The night after I read Confucius’ Analects, I slipped into something of an existential crisis. Nothing big, just your standard reassessment of life direction. The thing is, as much as I had enjoyed reading all the wisdoms, I really didn’t think they’d have an impact. So why was I pacing my kitchen at 10pm lost in thought?

The Analects are a collection of Confucius’ wisdom. Every line reads like a riddle, a clever metaphor with multiple meanings that only become clear after careful contemplation. 

Turns out, those lines weren’t written for people to read them in isolation. Half of The Analects are the oral tradition that goes along with. Two thousand years of teachers passed down context and analysis from one to the other that explains why Confucius takes so many potshots on the kingdom of Lu while praising music from the Shao. Thankfully my copy included much of that analysis, which turned the reading into a fun wisdom puzzle book. I’d read a line, consider it for a minute, then get a full answer from the analysts.
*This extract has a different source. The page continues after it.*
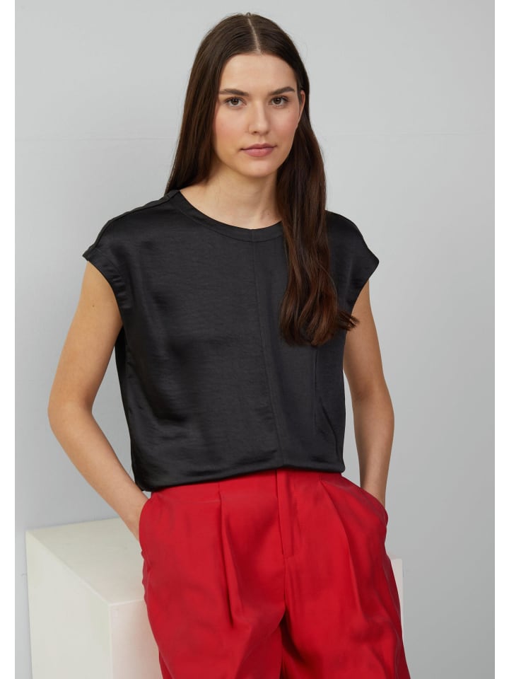 Этот женственный атласный топ со спущенным плечом добавит элегантности вашему повседневному образу. Элегантная блузка с застежкой на пуговицы и центральным швом выгодно подчеркнет любую фигуру благодаря своему прямому крою - идеально подходит для повседневной носки.

It ages surprisingly well, too. Much of the wisdom is on cultivating a moral approach to life, surrounding yourself with other moral people, and leading from the top-down to reshape a state. Any advice on how to appropriately serve your ‘lord’ easily extends to dealing with a boss at work, and it turns out ‘petty’ people are just as common now as they were in 500BCE.

In the early chapters, I studied each line like a student cramming for a test. This turned out to be unnecessary, as each meaningful piece of wisdom is repeated, reworded, and taken from multiple angles throughout the book. It’s a layering approach that slowly paints Confucius’ vision of appropriate behavior onto your mind through carefully paced character studies and metaphors.

Storytelling is an absolutely key aspect of The Analects. Confucius’ disciples are analyzed one by one throughout, their virtues and vices made clear. Zhong Yu, despite all his positive traits, was impetuous. Despite The Master making multiple interventions, he eventually dies in battle. His passing serves a lesson. A practical example of what happens when you allow certain character flaws to dominate your way of dealing with the world. A tragedy.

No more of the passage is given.